One family member told The Star-Ledger that Hernandez joked that he had killed Etan but did not make the claim in earnest. The family member did not want to be identified for fear of upsetting other relatives.It will still be up to prosecutors to make the case based on circumstantial evidence since there's nothing other than the confession and hearsay evidence that ties Hernandez to the crime.
Kelly said the tip was generated in the wake of a flurry of media reports about the case last month, when the NYPD and the FBI dug up the basement of a building down the block from the Patz home.
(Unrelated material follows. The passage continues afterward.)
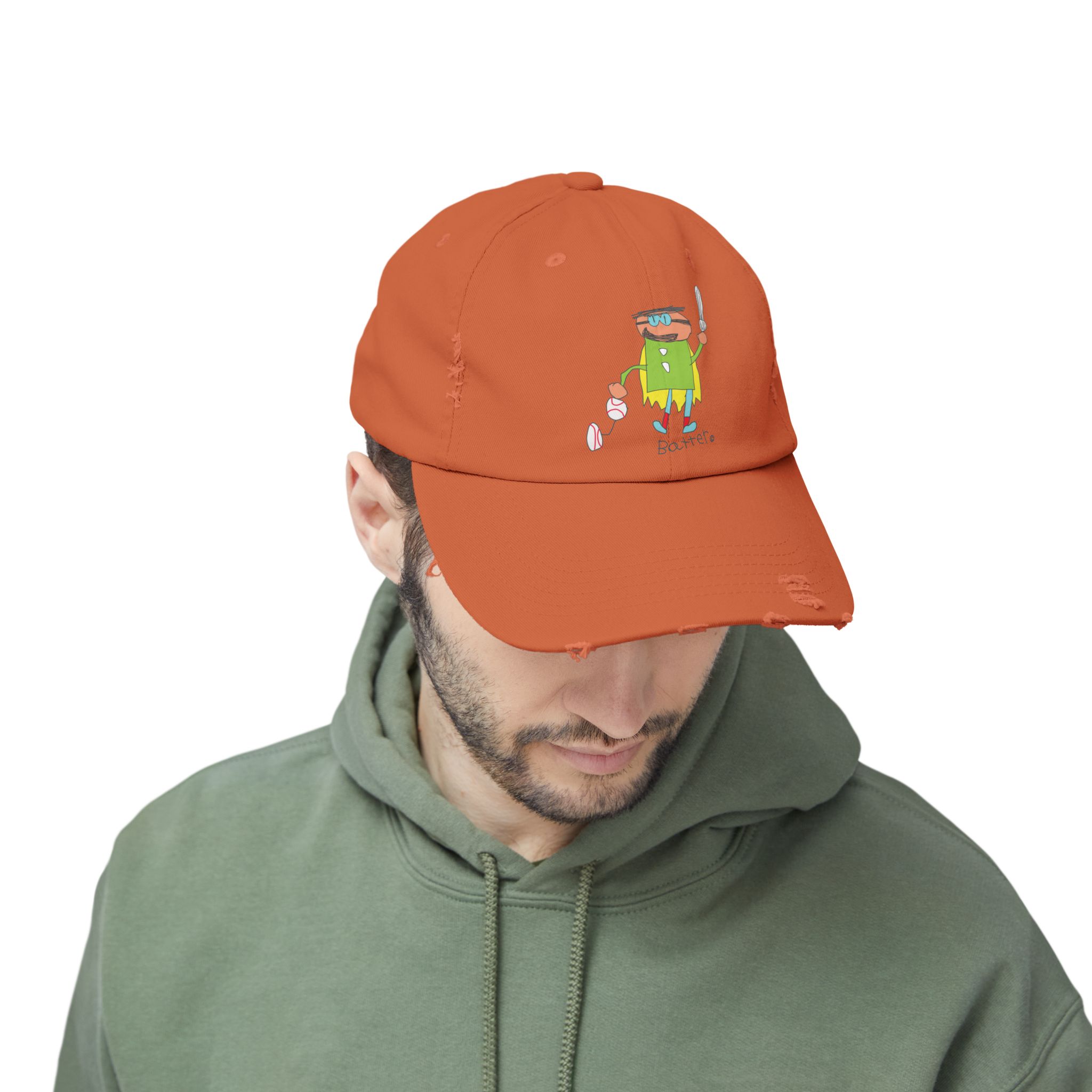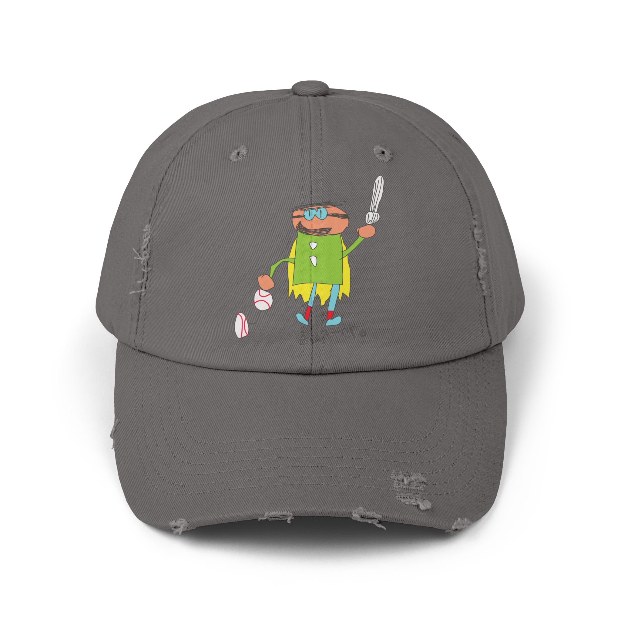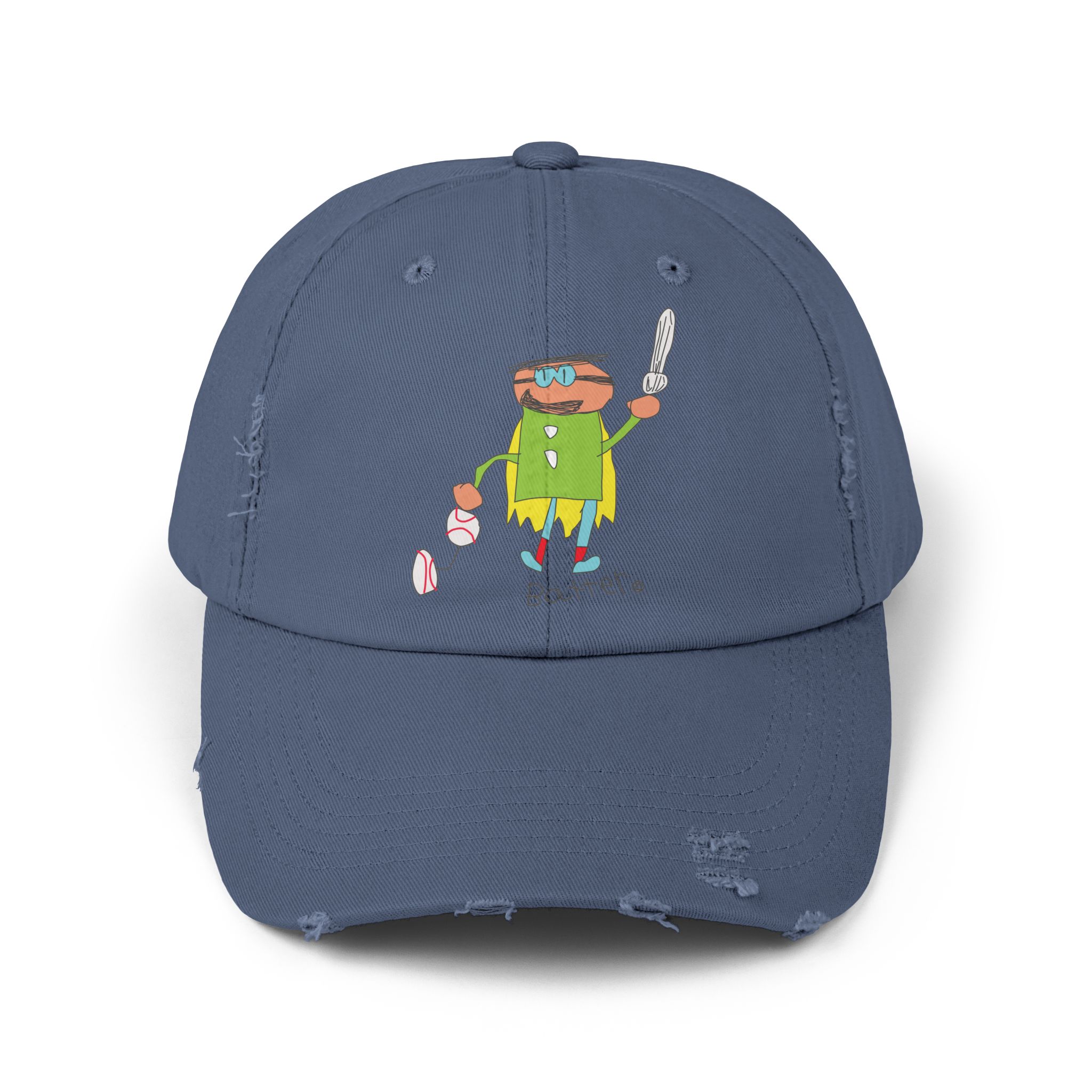 Our Batter distressed cotton twill cap brings easygoing, lived-in style with its low-profile 6-panel design, curved visor, and unique frayed details—no two caps are exactly alike. A colorful DTF-printed Batter graphic adds a playful, subcultural touch, while the self-fabric strap with metal D-ring keeps the fit secure.

Authorities suspected a local handyman who had a workshop in the basement killed and buried Patz there.
That man has now been cleared, Kelly said.
The family member who spoke to The Star-Ledger said the recent news about the search prompted Hernandez to call his sister, Luz, in New York City to talk about the case. The relative found it odd, saying Hernandez wasn't especially close to his sister and that the New Jersey man wasn't calling just to make chitchat.
Kelly said Hernandez was never before a focus of the exhaustive investigation, though his name was one of many in police documents listing those who lived or worked in the area. Hernandez had an apartment nearby and had been working as a stock clerk for about a month when Etan was killed in 1979.
If the remains of Patz were tossed in the garbage, it might be possible to track down where the garbage load was delivered (quite possibly to Great Kills landfill on Staten Island), but as we've seen with other instances of bodies dumped in garbage landfills, the chances of finding the remains after all these decades is quite slim.